Selzoni positionna la jeune fille sur un cheval réquisitionné de force dans l'écurie du Cardinal Veniere. Il enroula les rênes autour de son avant-bras avant de jeter un regard menaçant à Francesca
« Vous avez à ce point peur qu'elle nous échappe, Général ? Demanda Juan avec une pointe de moquerie.
-Ne sous-estimez pas ma nièce cher Duc, à elle seule, elle a réussi mettre en émoi la garde de Venise, murmura le Cardinal qui ne lâchait pas la jeune Francesca du regard, dites à votre père que je dois lui parler de toute urgence et essayez de retenir le départ de Selzoni et ma nièce pour Venise.
-Vous voulez que l'on garde votre nièce au Palais ? Demanda Juan qui était pour le moins surpris par la décision du Cardinal.
-Vous avez peur de ne pas réussir à la garder captive une nuit au Palais, Gonfaloniere ? Le Cardinal marqua soigneusement chaque syllabe, ajoutant un peu plus à l'agacement de Juan.
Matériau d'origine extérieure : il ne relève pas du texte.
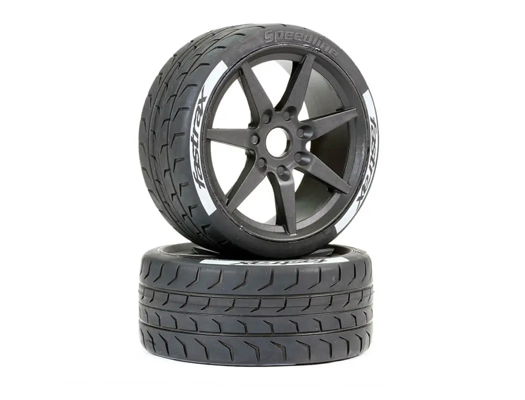 Upgrade your radio controlled car's performance with Fastrax Supaforza Front 45° Tyres, engineered for superior grip and handling on varied terrain. These premium RC tyres feature a distinctive tread pattern designed to deliver consistent traction whether you're racing on-road or tackling off-road challenges. The included black 17mm hex wheels offer a perfect fitment for popular RC car platforms, making these RC wheels UK enthusiasts' go-to choice for reliability and performance.

Le Duc de Gandia observa Francesca Veniere avec attention elle se tenait droite, altière, et il doutait fort qu'elle ne soit résolue à coopérer à en juger par la force avec laquelle elle serrait ses poings qui devenaient de plus en plus rouge. Semblant sentir la colère de sa cavalière, la pauvre jument se mit à piaffer d'impatience. Il fit face au frère du Doge puis inclina la tête avec respect sans daigner répondre au Cardinal avant de se mettre lui-même en selle et de rejoindre ses soldats.
La route jusqu'à Rome se fit dans le plus grand silence et en approchant de la ville, Juan se rapprocha à hauteur de Selzoni et de la fille du Doge.
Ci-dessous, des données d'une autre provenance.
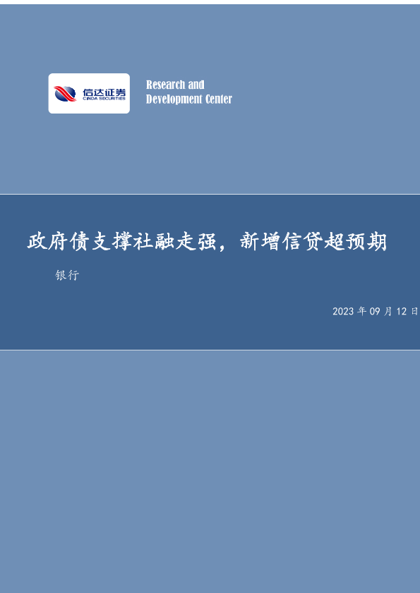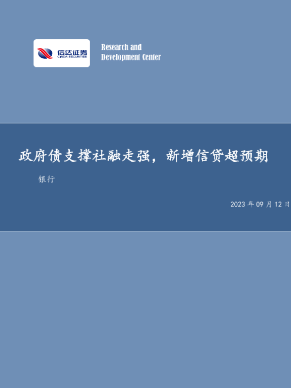 【信达证券】【20230912】政府债支撑社融走强,新增信贷超预期-13页

-J'espère que vous apprécierez l'hospitalité du Pape, mon père, je suis certain qu'il sera ravi de vous compter à sa table ce soir, le visage de Juan s'illumina d'un sourire charmeur qui ne sembla nullement impressionner la jeune femme. Le Duc ignora également le regard désabusé du Général qui ne lâchait toujours pas les rênes de la jument. Francesca leva les sourcils et inclina légèrement la tête.
-Fils de Pape, Gonfalonier et Duc… Vous seriez un des partis les plus intéressants de toute l'Italie si vous n'étiez pas un bâtard. Juan avait une forte envie de la gifler afin de lui faire ravaler ses paroles mais il savait qu'il n'était pas en position de lever la main sur une fille de Doge, aussi agaçante soit-elle.
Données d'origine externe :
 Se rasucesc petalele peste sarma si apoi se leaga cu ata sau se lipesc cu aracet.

Juan se pencha vers la jeune femme afin de se rapprocher dangereusement de son visage.
-Vous qui souhaitez faire vœu de silence et d'humilité pour le reste de votre vie, vous devriez apprendre à vous taire, siffla le Gonfaloniere. Il promena son regard sur le visage qui se trouvait à quelques centimètres du sien. Elle avait la peau délicate et le nez parsemé de taches de rousseur. Alors qu'il pensait avoir réussi son coup, il constata, non sans surprise et agacement, qu'un rictus se dessinait lentement sur les lèvres fines de Francesca. Elle inclina légèrement sa tête et son regard piquant croisa celui de Juan.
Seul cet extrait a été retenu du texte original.